Safety Enhancement for Deep Reinforcement Learning in Autonomous Separation Assurance

Wei Guo,Marc Brittain,Peng Wei
DOI: https://doi.org/10.48550/arXiv.2105.02331
2022-02-20
Abstract:The separation assurance task will be extremely challenging for air traffic controllers in a complex and high density airspace environment. Deep reinforcement learning (DRL) was used to develop an autonomous separation assurance framework in our previous work where the learned model advised speed maneuvers. In order to improve the safety of this model in unseen environments with uncertainties, in this work we propose a safety module for DRL in autonomous separation assurance applications.
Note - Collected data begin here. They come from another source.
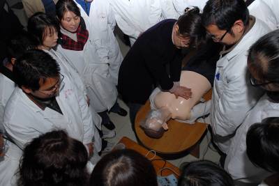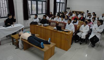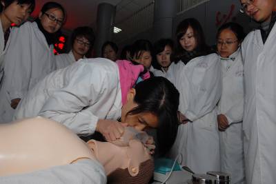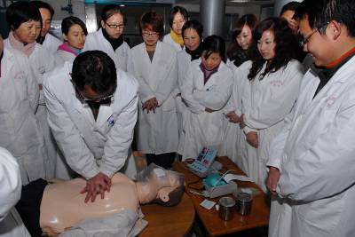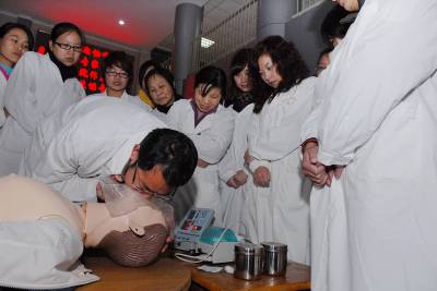 11月16日,武汉市江夏区藏龙岛湖北经济学院社区卫生服务中心的40多名医护人员在专家的指导下演练急救操作。该校邀请协和医院急诊专家樊红博士对校医院和社区医护人员进行急诊、急救操作技能培训,以应对社区师生和市民因各种因素造成的意外伤害和疾病事件。
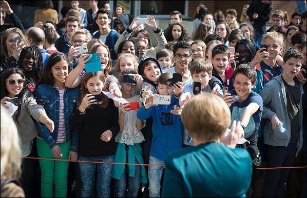 Η Άνγκελα Μέρκελ το τελευταίο διάστημα επισκέπτεται σχολεία στη Γερμανία, με αφορμή τον επικείμενο εορτασμό της «Ημέρας της Ευρώπης», στις 9 Μαΐου.
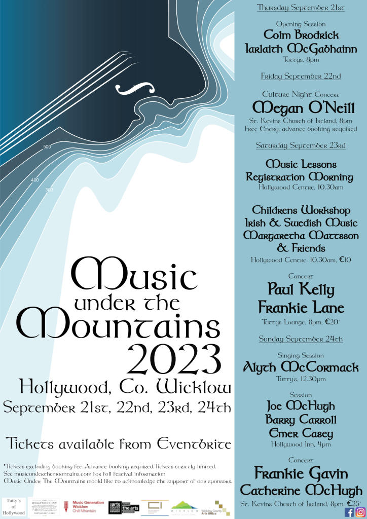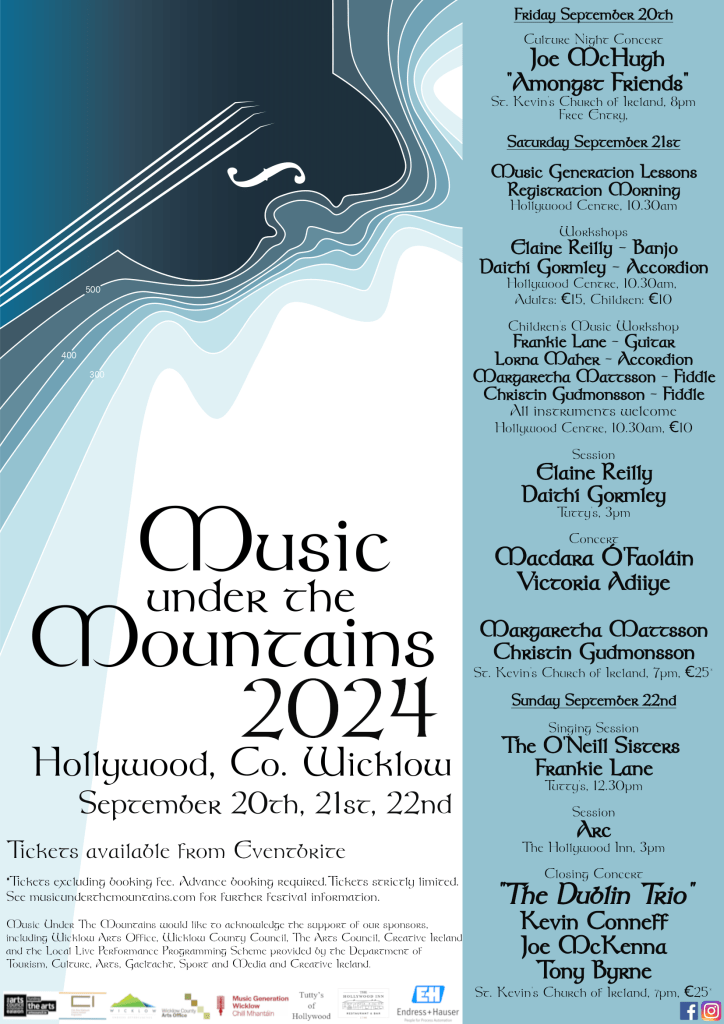 Music Under The Mountains would like to acknowledge the support of our sponsors, including Wicklow Arts Office, Wicklow County Council, The Arts Council, Creative Ireland and the Local Live Performance Programming Scheme provided by the Department of Tourism, Culture, Arts, Gaeltacht, Sport and Media and Creative Ireland Baltinglass Municipal Council Ardenode Stud, Kevin Phelan and all our generous sponsors, without whom the festival would not be possible.
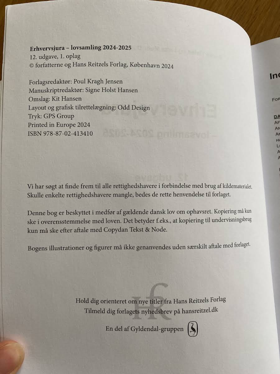 Erhvervsjura - lovsamling 2024-2025 (2. udgave) af Bjarke Tinten og Lotte Mohr Dupont-Mersing samler alle gældende erhvervsretlige love, bekendtgørelser og forordninger. Denne opdaterede udgave er nøje struktureret, så stoffet præsenteres overskueligt. Lovsamlingen fungerer som et uundværligt supplement til lærebøger om erhvervsjura. Den dækker det erhvervsretlige område bredt og giver et samlet overblik over det nødvendige pensum. Den retter sig mod finansøkonomer, markedsføringsøkonomer og andre KVU-uddannelser samt studerende på akademiuddannelsen i finansiel rådgivning. Samtidig er den velegnet til indledende erhvervsretlige kurser på HA, HD og beslægtede uddannelser.
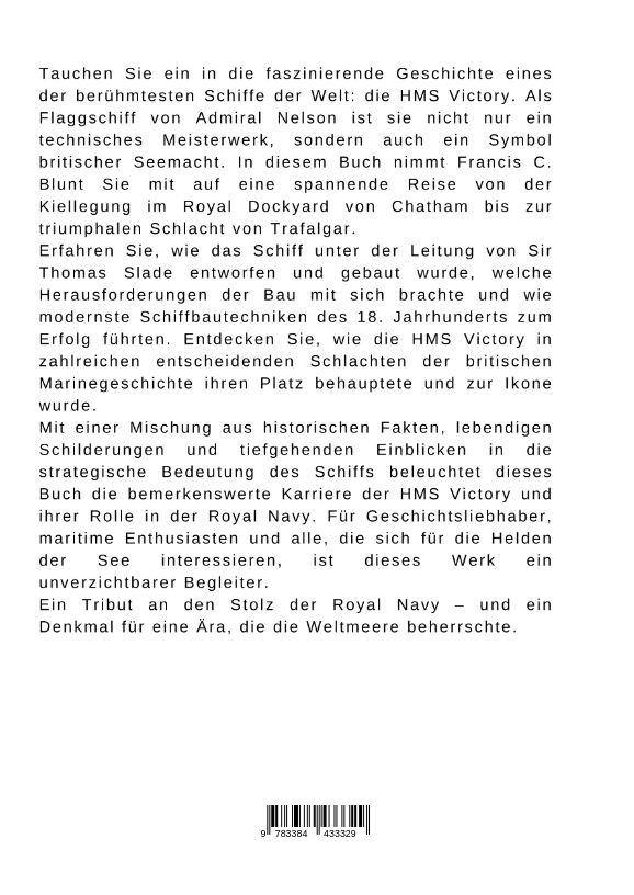 Tauchen Sie ein in die faszinierende Geschichte eines der berühmtesten Schiffe der Welt: die HMS Victory. Als Flaggschiff von Admiral Nelson ist sie nicht nur ein technisches Meisterwerk, sondern auch ein Symbol britischer Seemacht. In diesem Buch nimmt Franci...
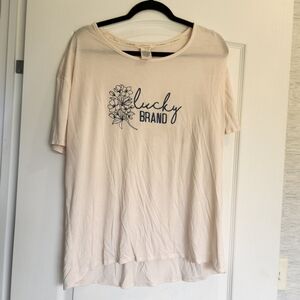 Cream t-shirt with a floral graphic and Lucky Brand logo. Casual and stylish. Size extra large excellent pre-owned condition. Smoke free home.

The proposed module directly addresses both model uncertainty and state uncertainty to improve safety. Our safety module consists of two sub-modules: (1) the state safety sub-module is based on the execution-time data augmentation method to introduce state disturbances in the model input state; (2) the model safety sub-module is a Monte-Carlo dropout extension that learns the posterior distribution of the DRL model policy. We demonstrate the effectiveness of the two sub-modules in an open-source air traffic simulator with challenging environment settings. Through extensive numerical experiments, our results show that the proposed sub-safety modules help the DRL agent significantly improve its safety performance in an autonomous separation assurance task.
Artificial Intelligence
What problem does this paper attempt to address?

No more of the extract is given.